From the line containing "Academic Excellence and Godly Instruction" to the last line of the records below, transcribe everything exactly, pictures excluded.

◆ Provided information
+ + +
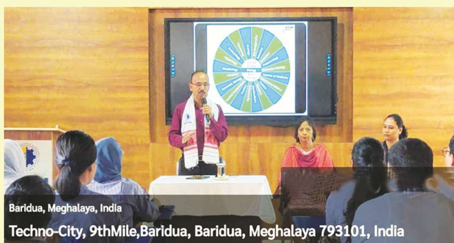
Baridua, Meghalaya, India
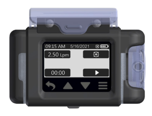
Intuitive touch operation and programming, easy Bluetooth* connectivity
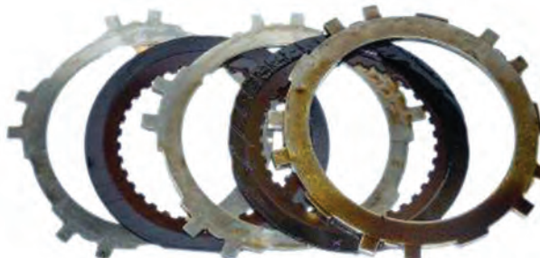
Automatic transmission clutch plates pre-cleanup. Varnish and glazing is heavy on some of the plates.
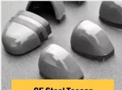
CE Steel Toecap
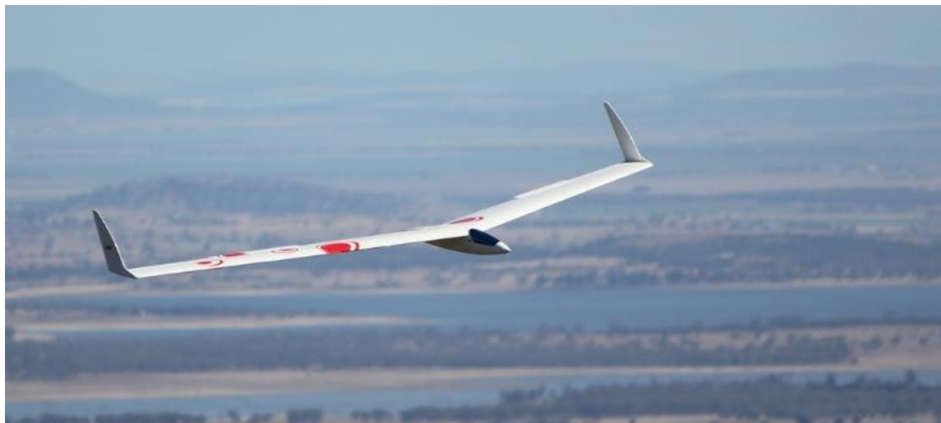
Flying wing over Manilla, New South Wales, Australia during Martin Taraz's annual pilgrimage
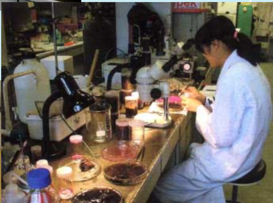
◀ ▲ Snapshots of the University's Joint Open Laboratory on Pearl River Delta Environmental Research
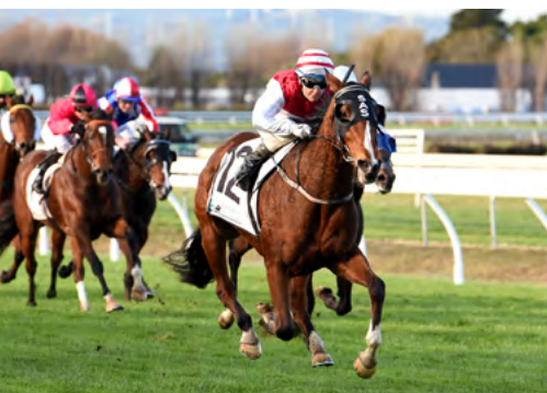
Ladies First (NZ) (Dylan Thomas)

"Whilst he might not have figured in the finish on Golden Rose day, he is certainly better than that run and I expect him to prove himself on Saturday and be hard to beat."
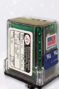
API 4003 G I

Transmitters: 3-way power/input, power/output, I/O
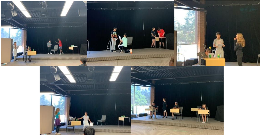
Grade 5 students acting out the skits they wrote based on parables

Academic Excellence and Godly Instruction
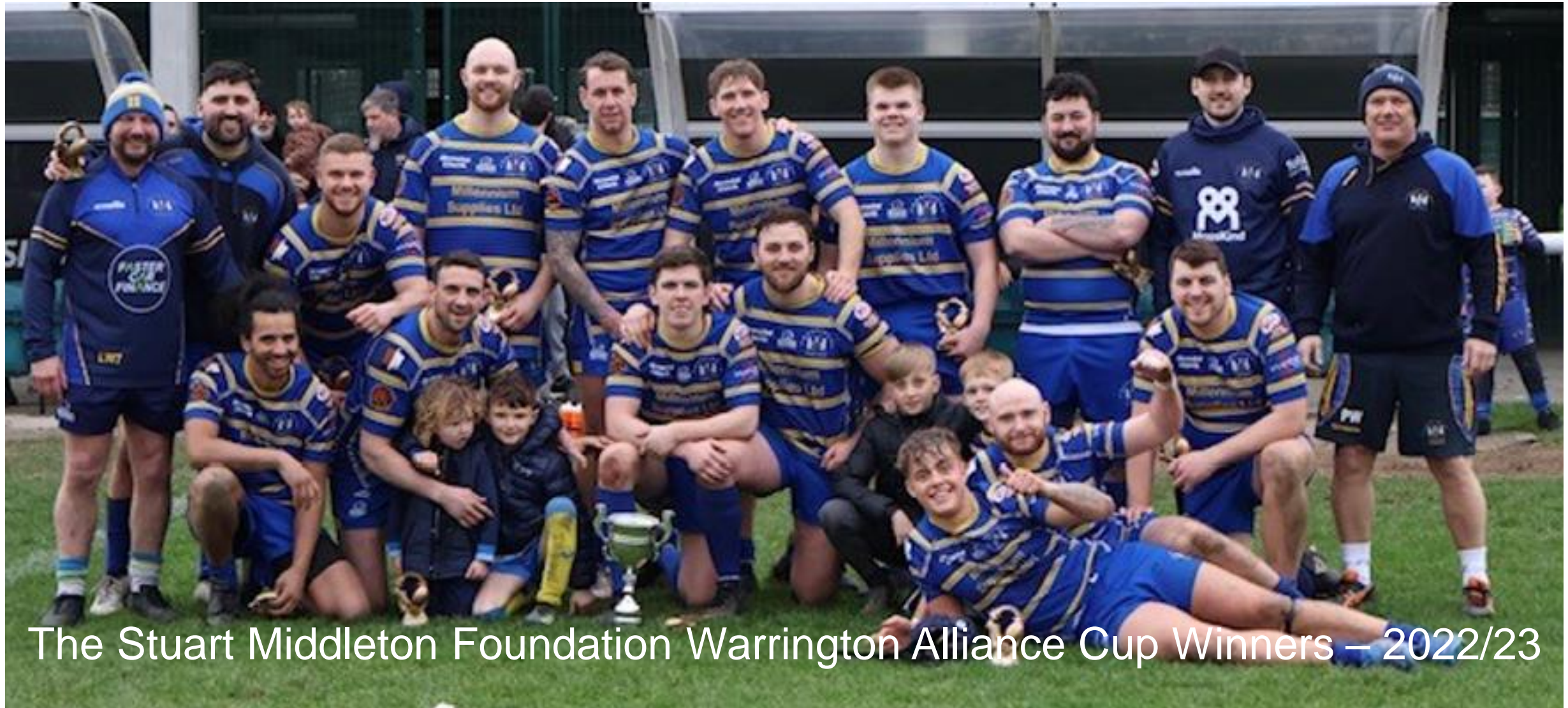
The Stuart Middleton Foundation Warrington Alliance Cup Winners – 2022/23
+ + +
◆ Exercise response
Academic Excellence and Godly Instruction
The Stuart Middleton Foundation Warrington Alliance Cup Winners – 2022/23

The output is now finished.